DATA EXTRACTS: Begin
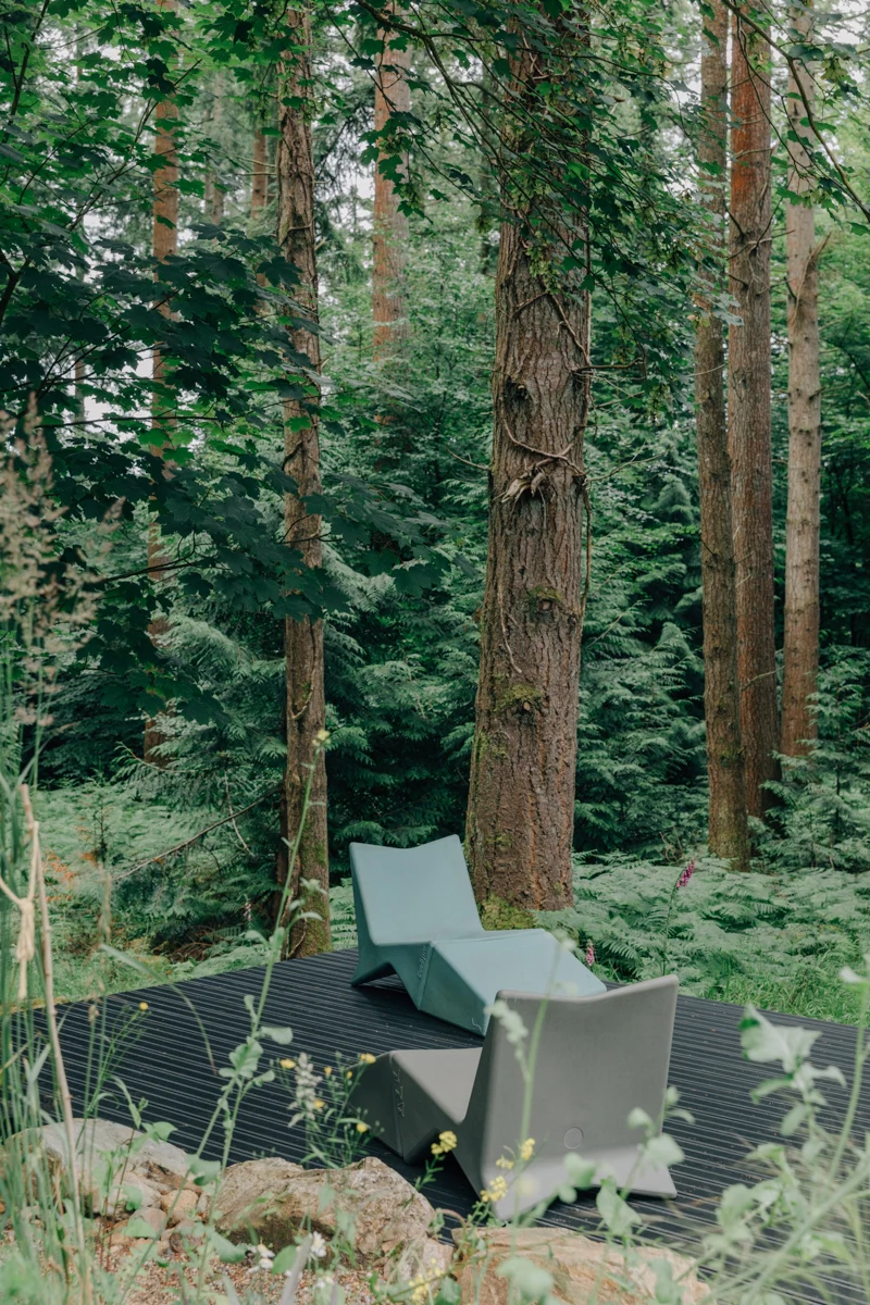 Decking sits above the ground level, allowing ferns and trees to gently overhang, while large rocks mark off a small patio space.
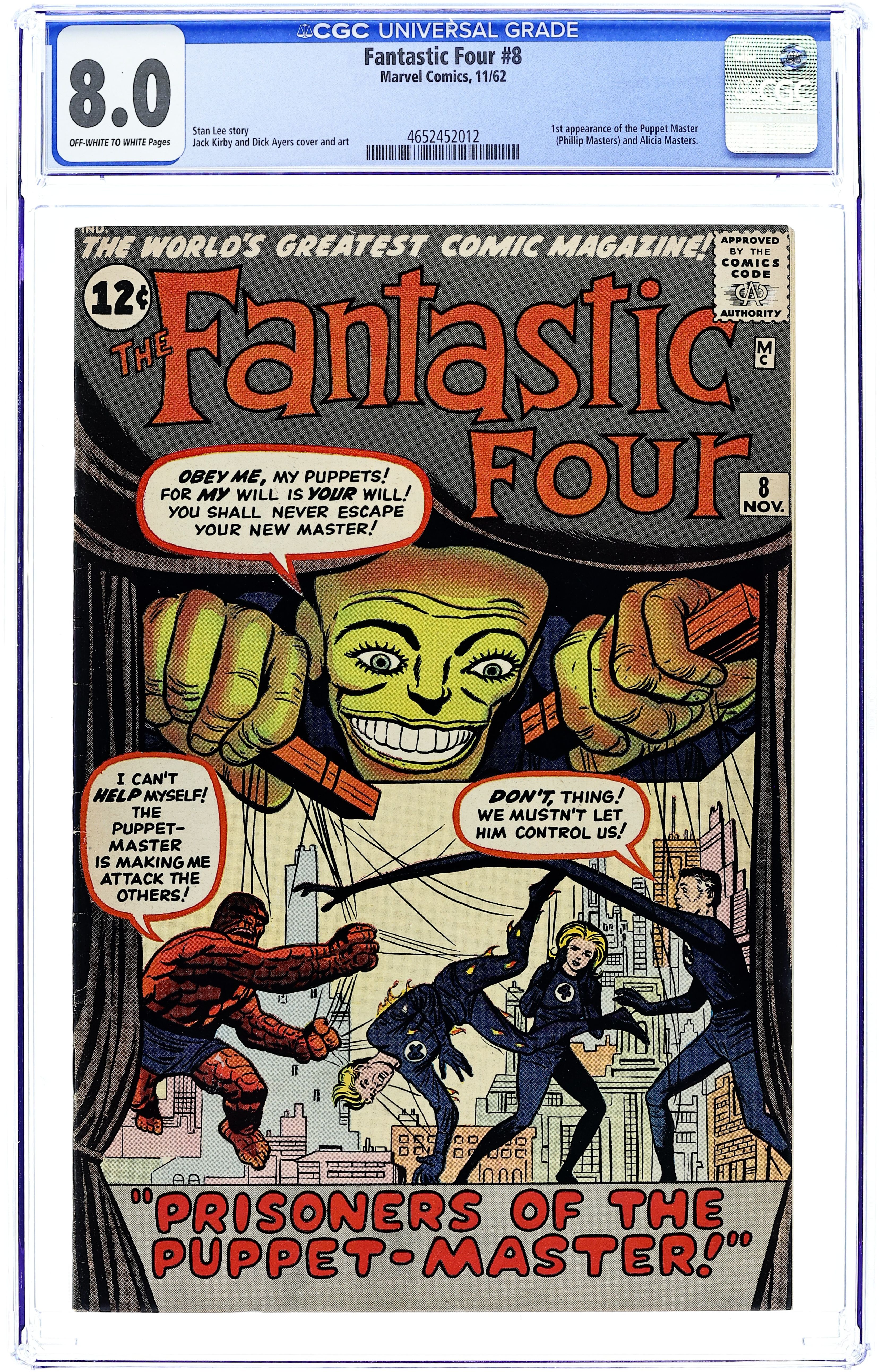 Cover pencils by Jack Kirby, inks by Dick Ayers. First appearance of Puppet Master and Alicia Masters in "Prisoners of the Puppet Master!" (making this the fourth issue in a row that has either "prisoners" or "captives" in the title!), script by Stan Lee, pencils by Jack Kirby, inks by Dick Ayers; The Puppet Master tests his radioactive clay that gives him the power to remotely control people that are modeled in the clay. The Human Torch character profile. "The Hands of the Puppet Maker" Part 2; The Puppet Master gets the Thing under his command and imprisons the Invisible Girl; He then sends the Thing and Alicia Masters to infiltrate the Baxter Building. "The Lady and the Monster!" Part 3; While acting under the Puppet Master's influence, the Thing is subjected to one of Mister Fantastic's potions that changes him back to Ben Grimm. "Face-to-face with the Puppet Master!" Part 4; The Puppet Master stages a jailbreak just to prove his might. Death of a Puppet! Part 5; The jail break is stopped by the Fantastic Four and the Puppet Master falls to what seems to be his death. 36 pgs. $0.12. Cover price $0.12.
DATA EXTRACTS: End
DATA EXTRACTS: Begin
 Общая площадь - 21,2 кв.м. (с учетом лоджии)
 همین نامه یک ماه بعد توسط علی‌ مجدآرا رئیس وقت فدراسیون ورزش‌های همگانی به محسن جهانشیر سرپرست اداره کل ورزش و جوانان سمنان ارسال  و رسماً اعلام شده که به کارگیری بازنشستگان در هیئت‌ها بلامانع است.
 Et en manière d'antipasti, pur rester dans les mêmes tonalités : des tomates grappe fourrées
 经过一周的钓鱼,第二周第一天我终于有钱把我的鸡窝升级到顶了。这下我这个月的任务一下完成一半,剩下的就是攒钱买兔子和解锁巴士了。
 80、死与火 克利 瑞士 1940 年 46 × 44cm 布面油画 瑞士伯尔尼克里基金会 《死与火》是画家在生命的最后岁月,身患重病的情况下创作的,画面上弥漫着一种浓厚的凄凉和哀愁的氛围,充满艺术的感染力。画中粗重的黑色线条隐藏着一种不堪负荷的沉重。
DATA EXTRACTS: End
DATA EXTRACTS: Begin
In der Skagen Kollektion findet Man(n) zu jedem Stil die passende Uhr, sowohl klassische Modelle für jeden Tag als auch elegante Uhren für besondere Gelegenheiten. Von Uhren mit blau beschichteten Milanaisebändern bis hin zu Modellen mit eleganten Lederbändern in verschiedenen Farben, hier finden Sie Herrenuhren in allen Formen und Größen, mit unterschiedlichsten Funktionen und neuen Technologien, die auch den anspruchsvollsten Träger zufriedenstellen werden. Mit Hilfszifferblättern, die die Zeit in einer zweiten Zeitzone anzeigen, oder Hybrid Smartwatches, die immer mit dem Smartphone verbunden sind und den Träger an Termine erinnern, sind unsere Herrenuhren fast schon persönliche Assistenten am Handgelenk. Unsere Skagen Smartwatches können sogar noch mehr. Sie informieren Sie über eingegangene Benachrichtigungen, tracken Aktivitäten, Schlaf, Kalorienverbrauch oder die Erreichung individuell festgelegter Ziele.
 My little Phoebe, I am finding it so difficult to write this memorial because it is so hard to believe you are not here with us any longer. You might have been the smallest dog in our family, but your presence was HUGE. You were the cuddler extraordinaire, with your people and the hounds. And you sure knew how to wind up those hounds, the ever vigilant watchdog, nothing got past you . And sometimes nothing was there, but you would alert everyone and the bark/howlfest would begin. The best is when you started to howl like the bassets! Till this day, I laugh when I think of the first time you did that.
DATA EXTRACTS: End
> **ASSIGNMENT**
Your answer should be the exact lines above from the one containing "Decking sits above" through the one containing "Cover pencils by", with both end lines kept and the pictures removed, please.

> **ANSWER TO THIS TASK**
 Decking sits above the ground level, allowing ferns and trees to gently overhang, while large rocks mark off a small patio space.
 Cover pencils by Jack Kirby, inks by Dick Ayers. First appearance of Puppet Master and Alicia Masters in "Prisoners of the Puppet Master!" (making this the fourth issue in a row that has either "prisoners" or "captives" in the title!), script by Stan Lee, pencils by Jack Kirby, inks by Dick Ayers; The Puppet Master tests his radioactive clay that gives him the power to remotely control people that are modeled in the clay. The Human Torch character profile. "The Hands of the Puppet Maker" Part 2; The Puppet Master gets the Thing under his command and imprisons the Invisible Girl; He then sends the Thing and Alicia Masters to infiltrate the Baxter Building. "The Lady and the Monster!" Part 3; While acting under the Puppet Master's influence, the Thing is subjected to one of Mister Fantastic's potions that changes him back to Ben Grimm. "Face-to-face with the Puppet Master!" Part 4; The Puppet Master stages a jailbreak just to prove his might. Death of a Puppet! Part 5; The jail break is stopped by the Fantastic Four and the Puppet Master falls to what seems to be his death. 36 pgs. $0.12. Cover price $0.12.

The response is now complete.